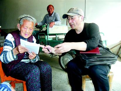图为:本报记者在通城采访胡梦生遗孀尚凤英老人。(通讯员胡志全摄)
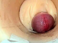 "Camera deep inside tight pussy captures huge cum explosion, wet and shaved."
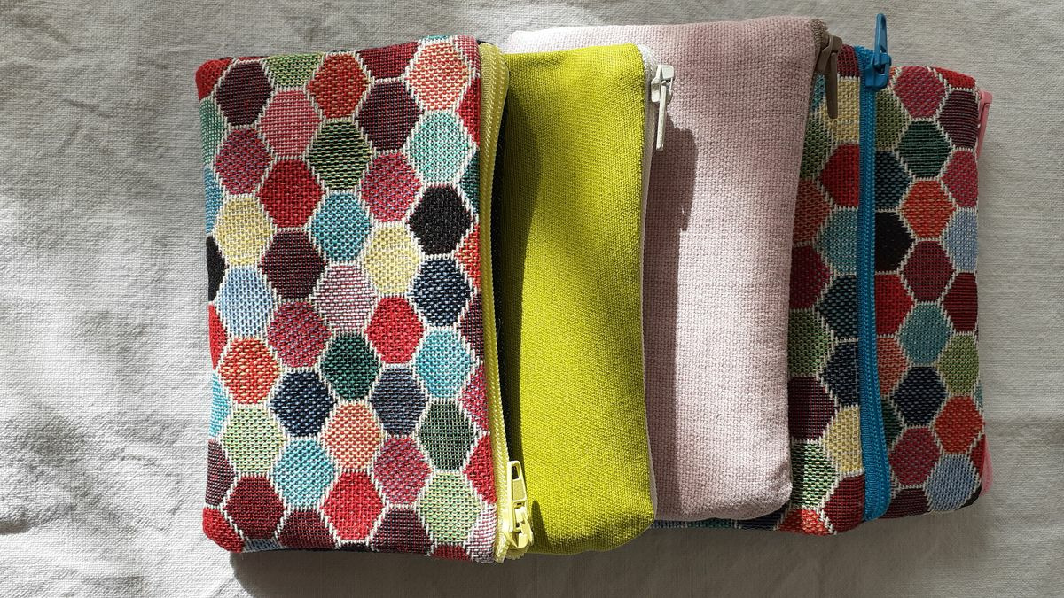 Porte-monnaie réalisés par mes soins en tissu ameublement, une face multicolore et une face unie, j'ai choisi de les créer dans des matières de qualités, avec des couleurs pep's.
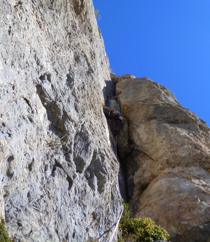 12 longueurs dont 5L en 6a et qq pas de 6b. Calcaire de rêve, dalles et dièdres, plein Sud

Your goal:
Copy nothing but the lines above from the one with "deep inside tight" through the end of the material, word for word, and drop the pictures.

Output of the exercise:
 "Camera deep inside tight pussy captures huge cum explosion, wet and shaved."
 Porte-monnaie réalisés par mes soins en tissu ameublement, une face multicolore et une face unie, j'ai choisi de les créer dans des matières de qualités, avec des couleurs pep's.
 12 longueurs dont 5L en 6a et qq pas de 6b. Calcaire de rêve, dalles et dièdres, plein Sud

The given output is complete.